今思えば、僕は何故疲れだけなんだ? 意味が分からない。
「海斗さん、肩をお貸ししましょうか?」
「いや、大丈夫だよ。ありがとう」
お冷を飲んだら眠気が少し取れてきた。水分不足か?
「アレクシアさん。最近、海斗とは上手くいっている?」
「はい、とても仲良くしていただいています」
「そうなの? 何かあったらすぐに相談してね。力になるから」
「はい。ありがとう御座います」
わざとらしく感じているのは僕だけか?
でも、アレクシアさんはわざとらしくない。
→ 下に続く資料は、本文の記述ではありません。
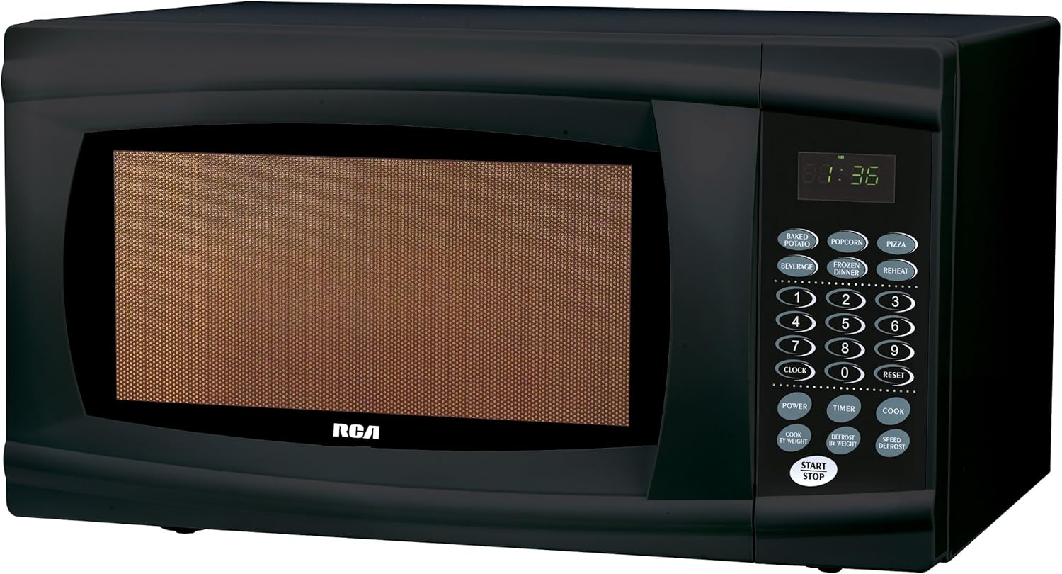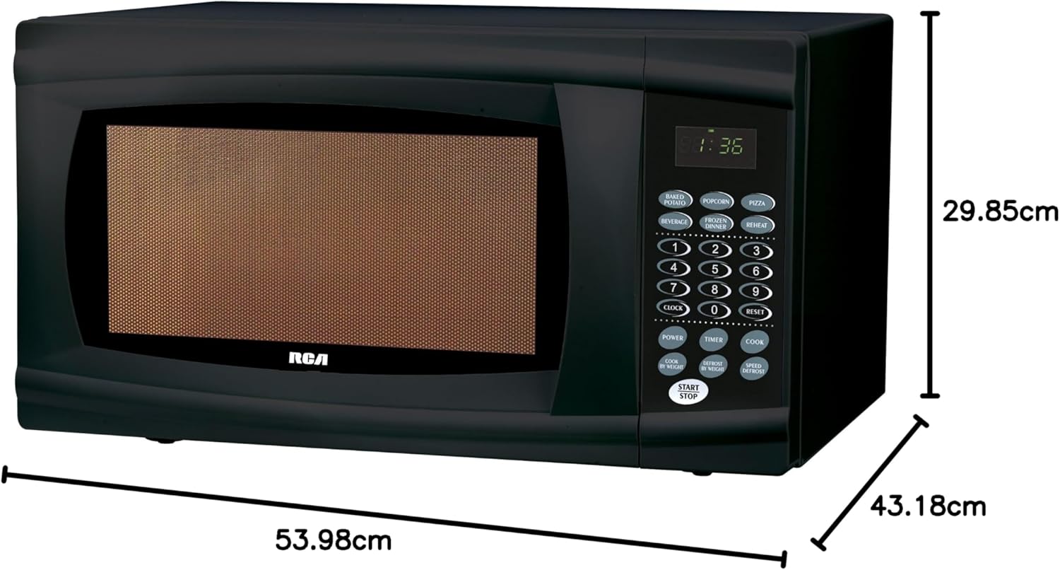 With a 1.1-cubic-foot Capacity, this RCA microwave oven allows for quick and convenient meal preparation. The unit's one-touch auto-cook menu takes the guesswork out of cooking popularly microwaved foods including popcorn, baked potatoes, pizza, beverages, and frozen dinners, while its reheat button makes it easy to warm food items back up again. The microwave's soft-touch electronic control panel also comes with cook-by-weight and defrost-by-weight options, speed defrost that alternates between defrost and stand times for efficient results, a start/stop button, and a reset button to clear all previous settings. Choose from 10 power levels for added versatility and control. Other highlights include a removable glass turntable, a handy digital clock and kitchen timer, child safety-lock protection, and an end-of-cycle audio signal, which helps prevent mugs of reheated tea or coffee from being forgotten about. The glass turntable cleans up easily by hand or in the dishwasher, and the interior and exterior of the appliance can be wiped down with a damp cloth as needed. This microwave is the perfect size for all your cooking needs.

もしかして、お母さんの独断で僕と交際させようとしている?
まさか、アレクシアさんを永住させるつもりじゃ……。
「お待たせしました。ランチです」
「ありがとう御座います」
ランチがきた。思ったより提供が早いな。
「では、頂こうか」
「頂きます」
アレクシアさんが何をすればいいのか悩んでいる。よし、教えるか。
「アレクシアさん、このソースをかけるんだよ」
「ソースをかけて召し上がるのが定番なのですか?」
「人それぞれだけど、僕はソースをかける派かな」
「でっ、では!」
とんかつにソースをかけている。結構多め。
「いっ、頂きます!」
思いっきりとんかつを口に運んだ。感想は。
「美味しいです! 衣がサクッとしていてお肉がジューシーです」
「美味しいでしょう。どんどん食べて」
「はい!」
良かった。気に入ってくれたようだ。
「海斗も食べなさい」
「うん」
アレクシアさんが加わっただけでこんなにも楽しくなるとは。やはり、アレクシアさんの存在感は大きい。
「海斗さん、美味しいですね」
「うん」
僕達は時々お喋りをしながら、とんかつを美味しく頂き、楽しい時間を過ごした。